(Exercise)
Please make an exact copy of the listing, without the pictures.

(Given material)
Segment Open
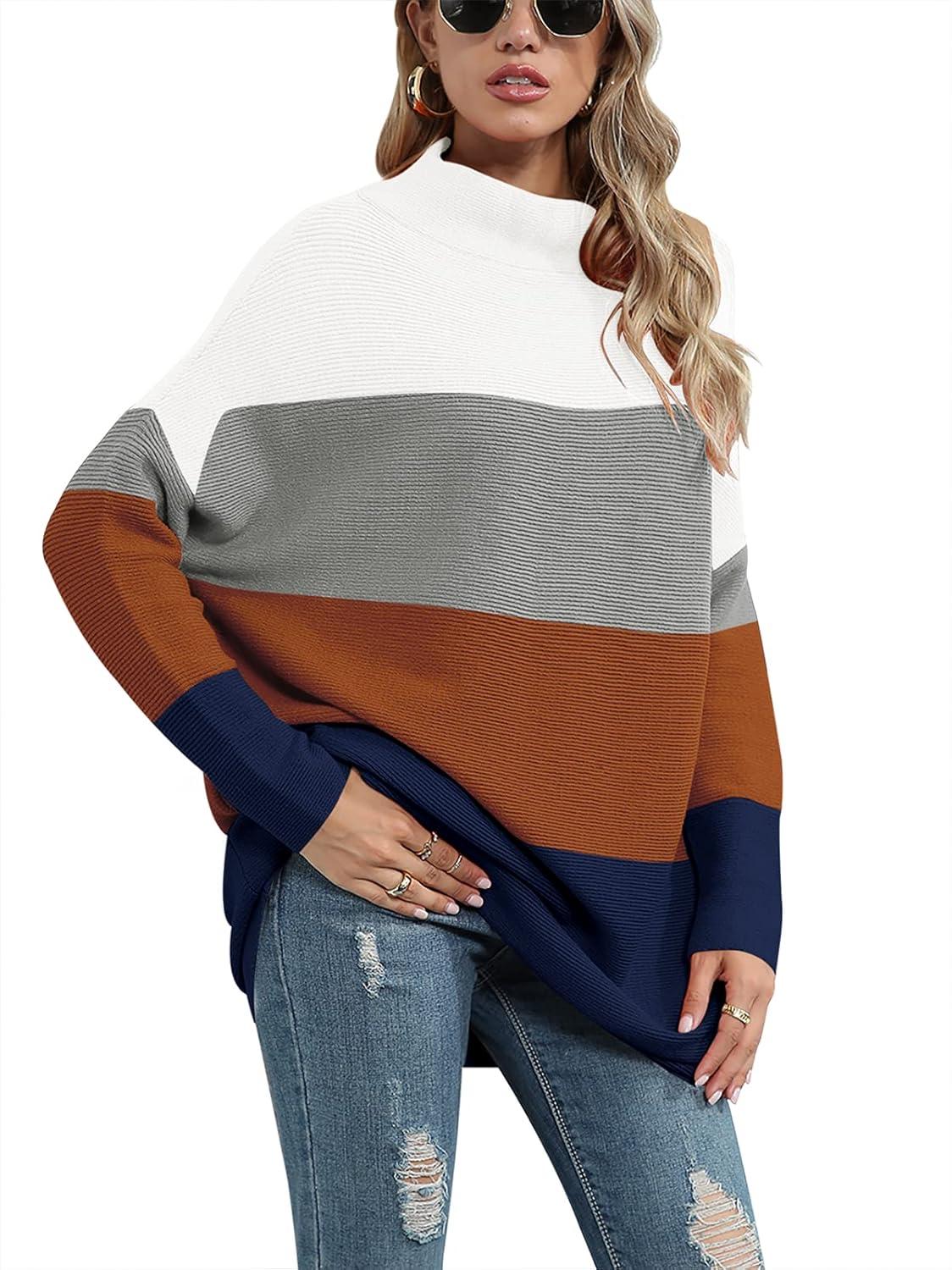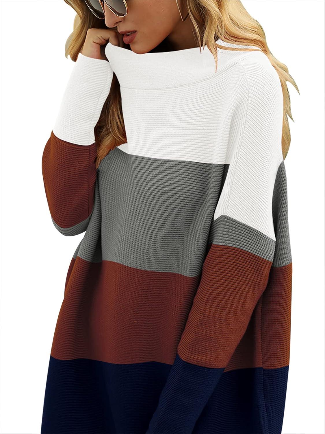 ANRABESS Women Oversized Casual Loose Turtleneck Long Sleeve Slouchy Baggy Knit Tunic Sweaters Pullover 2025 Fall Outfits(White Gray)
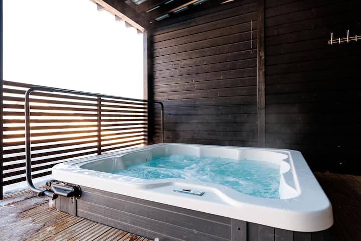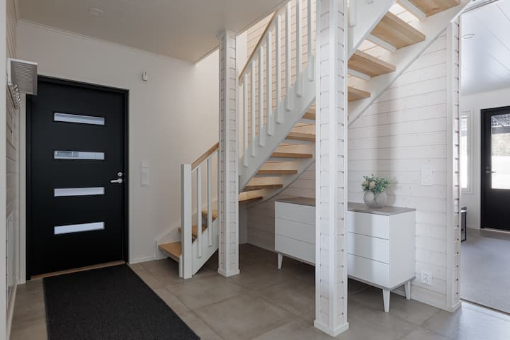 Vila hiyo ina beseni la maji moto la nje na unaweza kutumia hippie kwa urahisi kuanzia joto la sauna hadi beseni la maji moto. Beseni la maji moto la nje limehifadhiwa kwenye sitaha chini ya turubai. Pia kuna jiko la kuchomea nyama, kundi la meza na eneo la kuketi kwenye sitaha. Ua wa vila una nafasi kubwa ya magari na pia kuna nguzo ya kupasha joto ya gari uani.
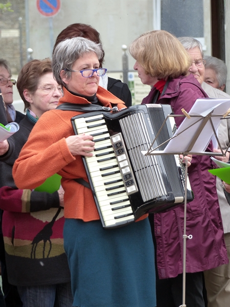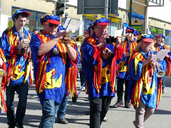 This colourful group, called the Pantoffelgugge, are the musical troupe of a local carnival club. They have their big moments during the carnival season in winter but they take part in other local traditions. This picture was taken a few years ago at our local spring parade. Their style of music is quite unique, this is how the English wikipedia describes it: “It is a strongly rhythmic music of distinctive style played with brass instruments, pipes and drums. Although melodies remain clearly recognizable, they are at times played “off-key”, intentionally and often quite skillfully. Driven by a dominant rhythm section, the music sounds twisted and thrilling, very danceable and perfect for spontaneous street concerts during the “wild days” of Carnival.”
Segment Closed
(Answer to the problem)
 ANRABESS Women Oversized Casual Loose Turtleneck Long Sleeve Slouchy Baggy Knit Tunic Sweaters Pullover 2025 Fall Outfits(White Gray)
 Vila hiyo ina beseni la maji moto la nje na unaweza kutumia hippie kwa urahisi kuanzia joto la sauna hadi beseni la maji moto. Beseni la maji moto la nje limehifadhiwa kwenye sitaha chini ya turubai. Pia kuna jiko la kuchomea nyama, kundi la meza na eneo la kuketi kwenye sitaha. Ua wa vila una nafasi kubwa ya magari na pia kuna nguzo ya kupasha joto ya gari uani.
 This colourful group, called the Pantoffelgugge, are the musical troupe of a local carnival club. They have their big moments during the carnival season in winter but they take part in other local traditions. This picture was taken a few years ago at our local spring parade. Their style of music is quite unique, this is how the English wikipedia describes it: “It is a strongly rhythmic music of distinctive style played with brass instruments, pipes and drums. Although melodies remain clearly recognizable, they are at times played “off-key”, intentionally and often quite skillfully. Driven by a dominant rhythm section, the music sounds twisted and thrilling, very danceable and perfect for spontaneous street concerts during the “wild days” of Carnival.”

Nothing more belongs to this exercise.